The glass pane’s Length = 25 cm

The glass pane’s Breadth = 16 cm

The formula of area of rectangle = length x breadth

So, the area of one glass pane = 25 cm x 16 cm

= 400 cm^{2}

Convert cm into m (As 1 m^{2} = 10000 cm^{2})

400 ÷ 10000

= 0.04 m^{2}

Thus, Area of 12 panes = 12 x 0.04 = 0.48 m^{2}

** **

**Question :9. A marble tile measures 10 cm x 12 cm. How many tiles will be required to cover a wall of size 3 m x 4 m?
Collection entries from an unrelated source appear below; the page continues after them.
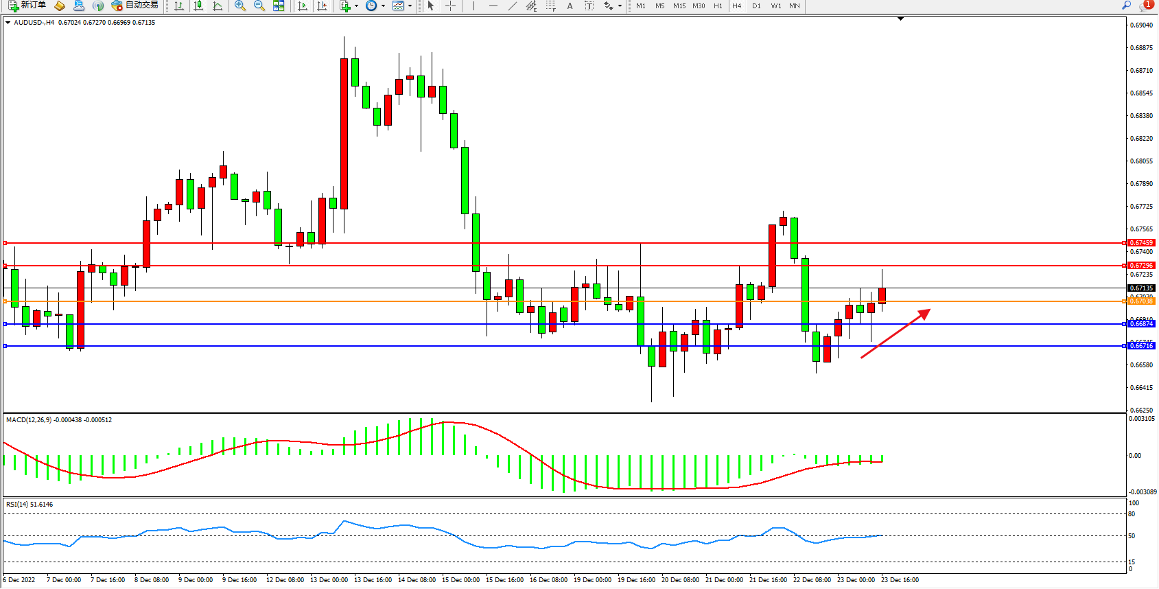 交易策略:0.67038上方看涨,目标0.67296、0.67459
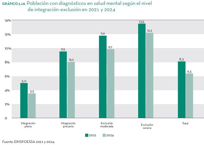 La dada més greu és que el 6% de les famílies més vulnerables que tenien una malaltia greu no va rebre atenció mèdica l’any passat. El doble que en el conjunt de la societat. La salut mental també es ressent. Els diagnòstics de depressió, ansietat o trastorn adaptatiu aconsegueixen al 6% de la societat, però superen el 12% entre els qui viuen en exclusió severa. “L’informe posa sobre la taula que quan el sistema públic s’embussa, i retarda la detecció precoç de malalties, o no cobreix completament punts fonamentals com la salut mental, l’única alternativa és el pagament, convertint un dret fonamental en un privilegi”, va postil·lar.
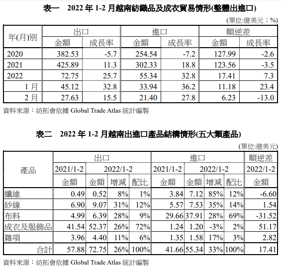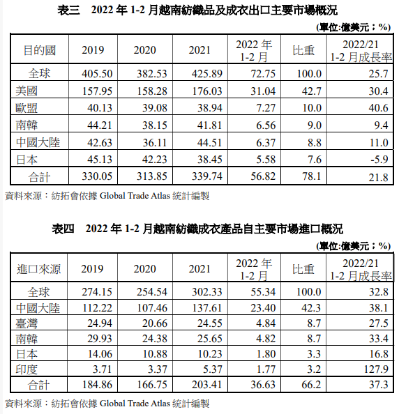 2022年1-2月紡織品及成衣出口總值達72.8億美元,較前一年度同期成長25.7%,主要出口項目為成衣產(chǎn)品,出口值52.4億美元,占總出口值72%;其次為紗線產(chǎn)品,出口值9.1億美元,占總出口值12%。各項產(chǎn)品出口值均較上年同期成長,其中成長最多者為紗線產(chǎn)品,計成長31%,成衣及服飾則成長26%。(詳表一、表二)
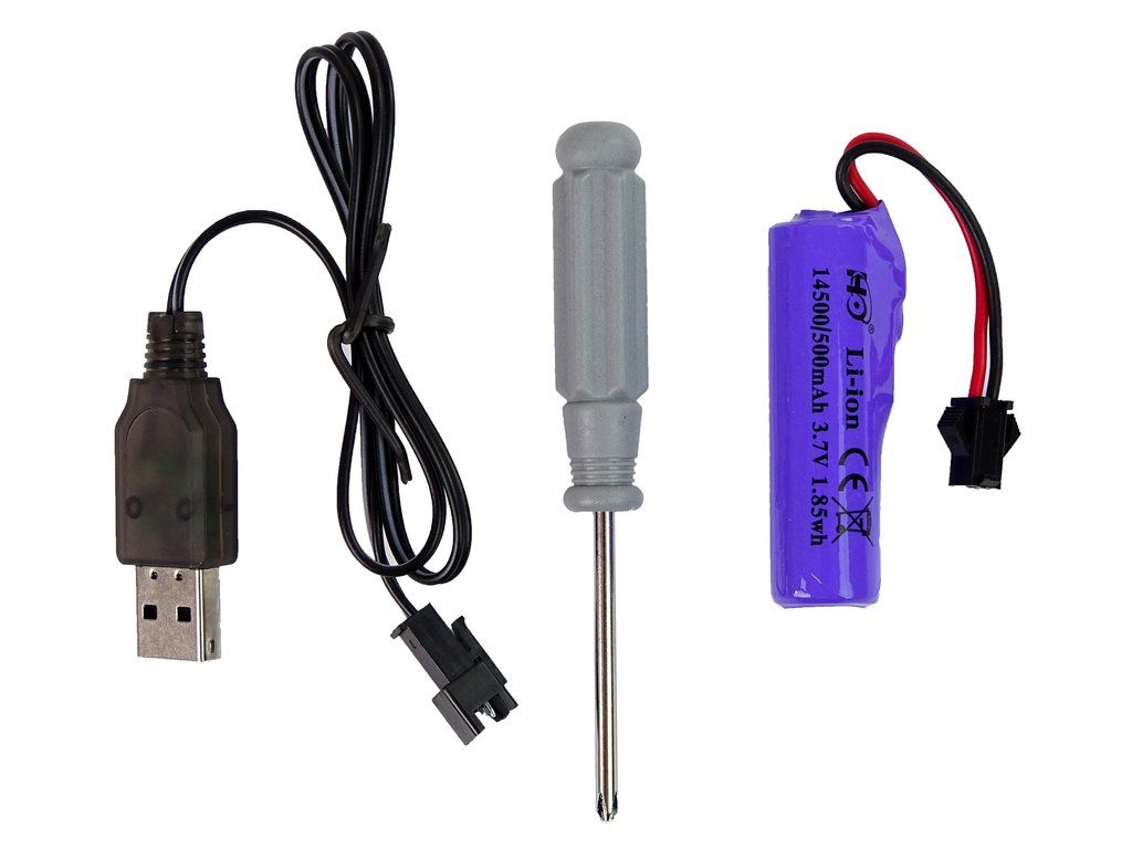 Il giocattolo è destinato a bambini di età superiore ai 3 anni. Il set è certificato CE ed è conforme alla norma EN 71. È confezionato in una scatola con una finestra trasparente, quindi è ideale come regalo. L'alimentazione è garantita da una batteria da 3.7 V 500 mAh inclusa nel set, il telecomando contiene 2 batterie da 1,5V AA, non incluse nel set.
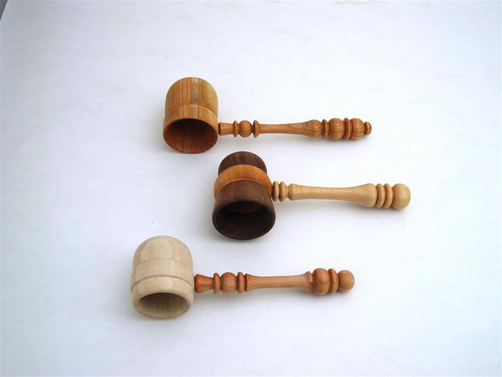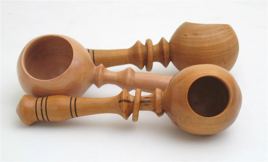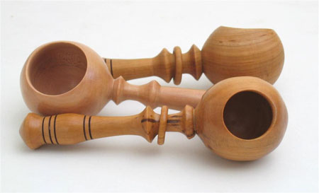 These are fun to make and give away. Some have a captive ring. The scoop portion has an inside diameter of about 1 5/8". I use a donut chuck to hold these to hollow them out after turning the ball and handle.
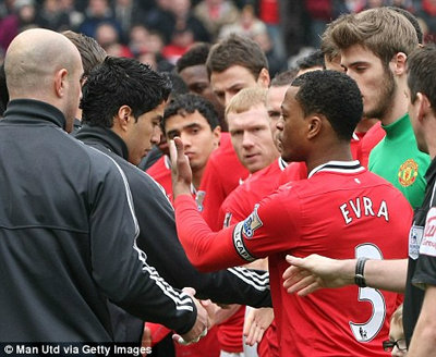 และวินาทีที่ทั้งโลกจับตามองก็มาถึงเมื่อเอฟร่าที่สวมปลอกแขนเป็นกัปตันทีมแมนฯ ยูไนเต็ด ได้รับการจับมือทักทายจากนักเตะลิเวอร์พูลทกุคน จนกระทั่งมาถึงซัวเรซที่อยู่รองสุดท้ายในแถวของหงส์แดง และหัวหอกชาวอุรุกวัยก็เลือกที่จะไม่ทำให้ประเด็นบาดหมางที่เกิดขึ้นจบลงด้วยดี ด้วยการทำเหมือนเอฟร่าไม่มีตัวตนอยู่ตรงนั้นและข้ามไปจับมือกับดาวิด เด เกอาที่ยืนอยู่ถัดไปแทน
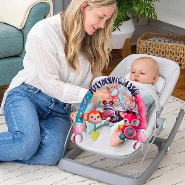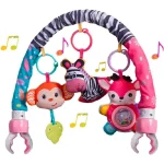 - Distracție în mișcare: Arcada poate fi folosita în timpul călătoriilor cu caruciorul pentru a menține bebelușii ocupați și fericiți în mișcare.
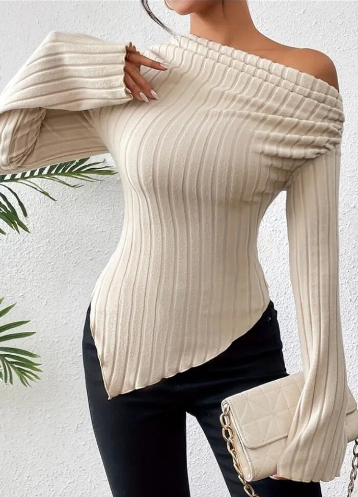 Krem renkli, fit kesim, V yaka ve uzun kollu triko bluz. Kayık yaka ve asimetrik etek ucu modern bir detay katıyor. Rahat kullanım için uygundur. M- l beden. Marka temsili #triko #bluz
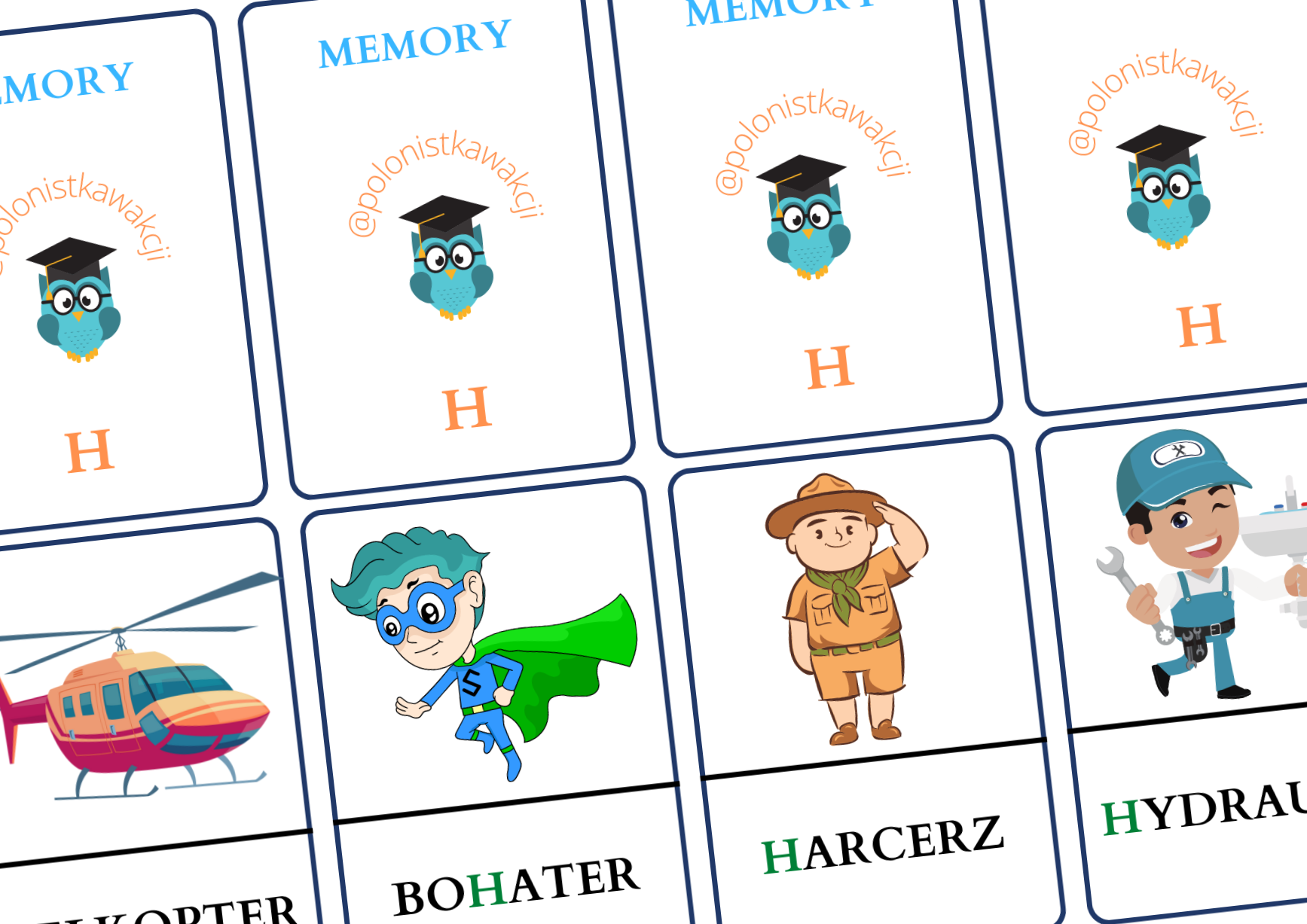 Zestaw zawiera 10 stron. Na jednej awers i rewers 4 kart z ilustracją oraz wyrazem. Karty należy wydrukować dwukrotnie. Piotrusiem jest sama litera H. Gdy się ją odłoży, uzyskuje się grę typu memory.
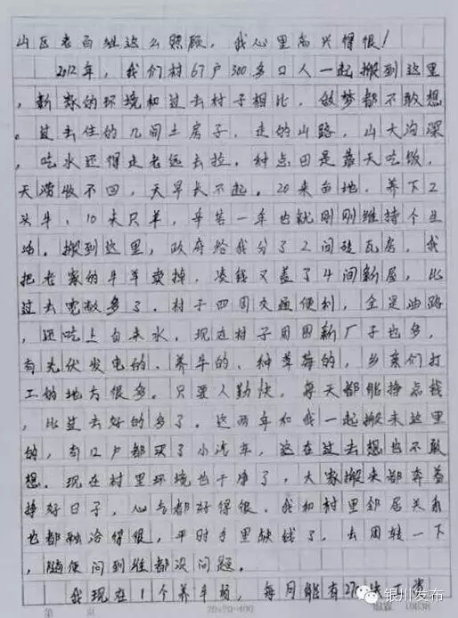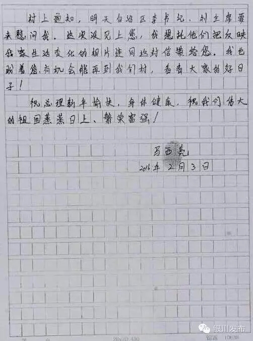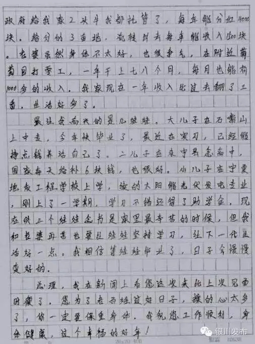 前些日子,听说您要来宁夏,还要来我们新家做客,全家都激动高兴得不得了,一直做梦都盼望着总理能来看看我们的新家,我专门把女儿从固原老家叫来帮着收拾家里,我老婆每天把房子打扫好几遍。我一想这次还能见见总理,和您握握手,估摸着那时候会高兴地流眼泪呢。我知道您工作忙得很,虽然这次没有到我家,但从我儿子的手机上,看到您来宁夏的相片,知道您一直挂念着宁夏人民,对咱们山区老百姓这么照顾,我心里高兴得很。
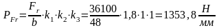 k1=1,8; k2=1; k3=1; b = B –2 *r = 55,0 –2*3,5 = 48,0 мм;
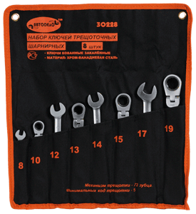Набор ключей рожково-накидных с трещоткой шарнирных 8-19мм. (8пр.) АВТОДЕЛО (30028)

Also, find the total cost of the tiles at the rate of Rs 2 per tile.**** **

**Solution 9:**

According to the question area of the wall = 3 m x 4 m = 12 m^{2}

Also, area of one marble tile = 10 cm x 12 cm = 120 cm^{2}

Convert cm into m (As 1 m^{2} = 10000 c m^{2})

120 ÷ 10000

= 0.012 m^{2}

Number of tiles required to cover the wall = (Area of wall)/(Area of one marble tile)

= 12/0.012 = 1000 tiles

Cost of the one tile = Rs. 2.00

Total cost = Number of tiles x Cost of one tile

= Rs. 1000 x 2 = Rs. 2000

**Question :10. A table top is 9 dm 5 cm long 6 dm 5 cm broad. What will be the cost to polish it at the rate of 20 paise per square centimeter?**** **

**Solution 10:**

Length of a table top = 9 dm 5 cm

Convert dm into cm (As 1 dm = 10 cm)

= (9 x 10 + 5) cm

= 95 cm

Also, that Breadth of a table top = 6 dm 5 cm

Convert dm into cm (As 1 dm = 10 cm)

= (6 x 10 + 5) cm

= 65 cm

Area of the rectangle (table top) = Length x Breadth

= (95 cm x 65 cm)

= 6175 c m^{2}

Cost of polishing per square centimeter = 20 paise = Rs. 0.20 (As 1Rs. = 100 paise)

Total cost to polish table top = 6175 x 0.20

= Rs. 1235

** **

**Question :11. A room is 9.68 m long and 6.2 m wide. Its floor is to be covered with rectangular tiles of size 22 cm by 10 cm. Find the total cost of the tiles at the rate of Rs 2.50 per tile.**** **

**Solution 11:**

Length of the floor of the room = 9.68 m

Breadth of the floor of the room = 6.2 m

Formula of area of rectangle = length x breadth

Area of the floor = 9.68 m x 6.2 m

= 60.016 m^{2}

According to the question length of the tile = 22 cm;

Breadth of the tile = 10 cm

Area of one tile = 22 cm x 10 cm

= 220 cm^{2}

Convert cm into m (As 1 m^{2} = 10000 c m^{2})

= 220 ÷ 10000

= 0.022 m^{2}

Thus, Number of tiles = 60.016/0.022^{ } m^{2}

= 2728

Cost of one tile = Rs. 2.50

Total cost = Number of tiles x Cost of one tile

= 2728 x 2.50

= Rs. 6820

** **

**Question :12. One side of a square field is 179 m. Find the cost of raising a lawn on the field at the rate of Rs 1.50 per square meter.**** **

**Solution 12:**

One side of the square field = 179 m

Area of the square field = Side^{ 2}

= 179 m^{ 2} = 179 × 179

= 32041 m^{2}

The price of mowing a lawn on a field per square meter = Rs. 1.50

Thus, total cost of raising a lawn on the field

= 32041 x 1.50 = Rs. 48061.50

**Question :13. A rectangular field is measured 290 m by 210 m. How long will it take for a girl to go two times round the field, if she walks at the rate of 1.5 m/sec?**** **

**Solution 13:**

Length of the rectangular field = 290 m

Also, Breadth of the rectangular field = 210 m

Formula of perimeter of the rectangular field = 2(Length + Breadth)

= 2(290 + 210) = 1000 m

Here we calculate distance covered by the girl = 2 x Perimeter of the rectangular field

= 2 x 1000 = 2000 m

According to the question the girl walks at the rate of 1.5 m/sec;

Speed of the girl = 1.5 x 60 m/min = 90 m/min

Speed = Distance/ Time

Hence, time taken by the girl = Distance/Speed

= 2000/90

= 22 2/9 min

Hence, the girl will take

= 22 2/9 min to go two times around the field.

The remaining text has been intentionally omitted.